§ TRY IT
Begin the copy at the line containing "泰兰尼斯小童段冬款加绒简约时尚运动板鞋T02X3D3289" in the data below and end it at the line containing "Preserved in very", keeping each line exact and leaving out pictures.

§ RECORDS PROVIDED
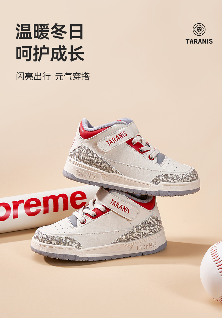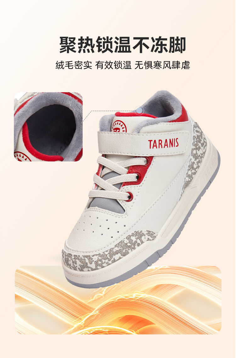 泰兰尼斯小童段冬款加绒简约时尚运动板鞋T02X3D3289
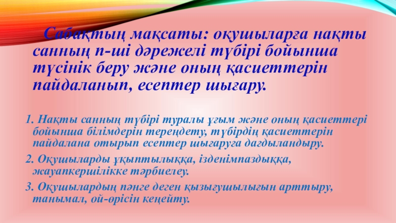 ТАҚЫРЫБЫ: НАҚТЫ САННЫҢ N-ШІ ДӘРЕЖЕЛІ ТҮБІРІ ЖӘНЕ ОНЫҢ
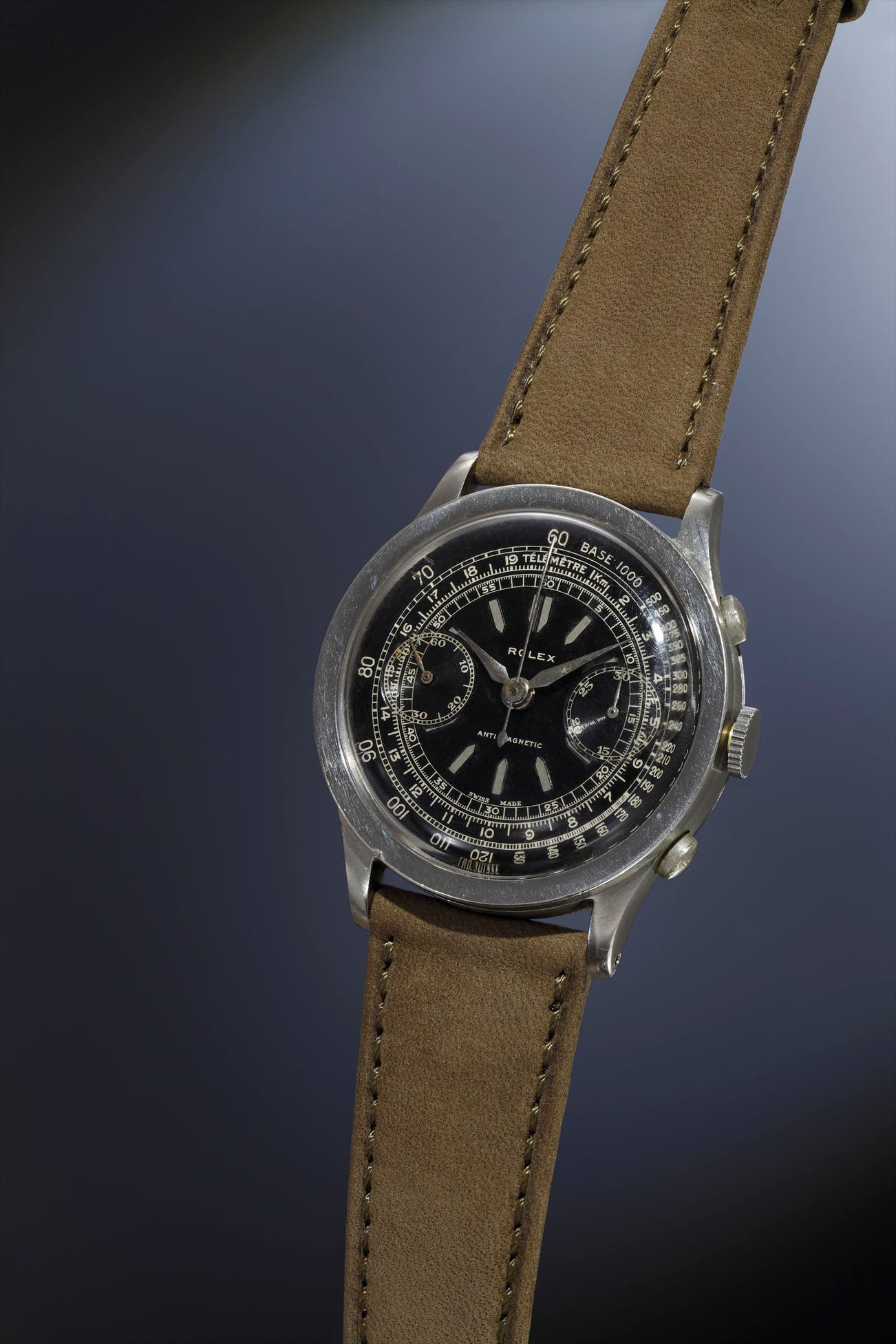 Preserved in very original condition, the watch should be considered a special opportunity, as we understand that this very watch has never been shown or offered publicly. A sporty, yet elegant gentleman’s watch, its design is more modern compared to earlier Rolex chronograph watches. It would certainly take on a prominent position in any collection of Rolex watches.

* * *

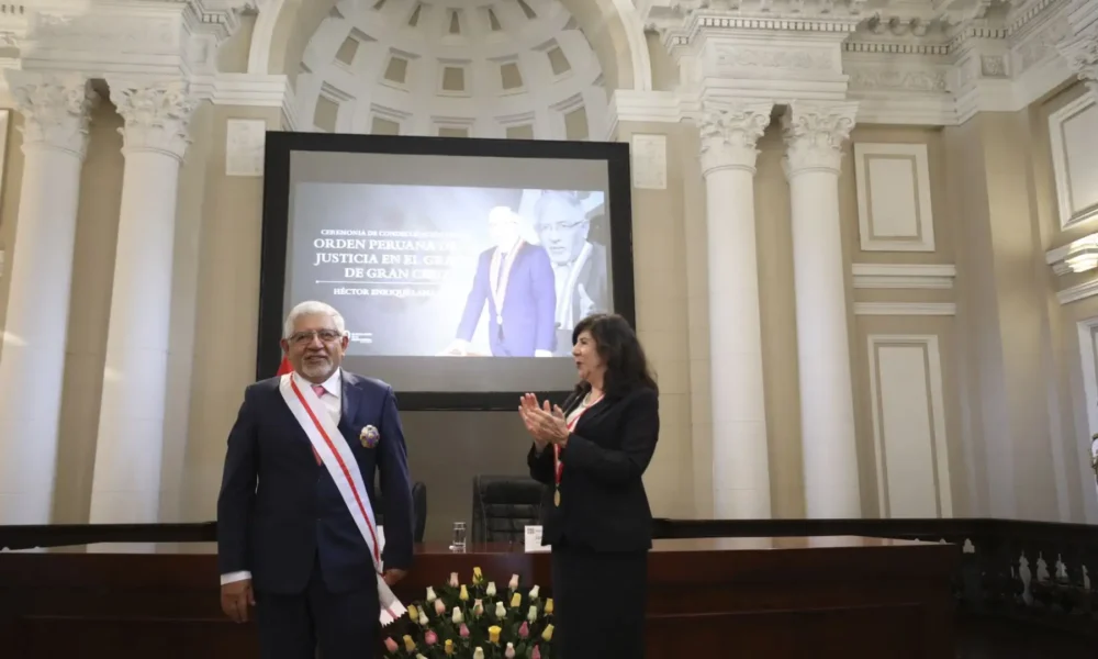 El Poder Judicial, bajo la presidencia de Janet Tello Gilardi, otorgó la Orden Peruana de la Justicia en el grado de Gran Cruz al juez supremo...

§ RESPONSE TO THIS EXERCISE
 泰兰尼斯小童段冬款加绒简约时尚运动板鞋T02X3D3289
 ТАҚЫРЫБЫ: НАҚТЫ САННЫҢ N-ШІ ДӘРЕЖЕЛІ ТҮБІРІ ЖӘНЕ ОНЫҢ
 Preserved in very original condition, the watch should be considered a special opportunity, as we understand that this very watch has never been shown or offered publicly. A sporty, yet elegant gentleman’s watch, its design is more modern compared to earlier Rolex chronograph watches. It would certainly take on a prominent position in any collection of Rolex watches.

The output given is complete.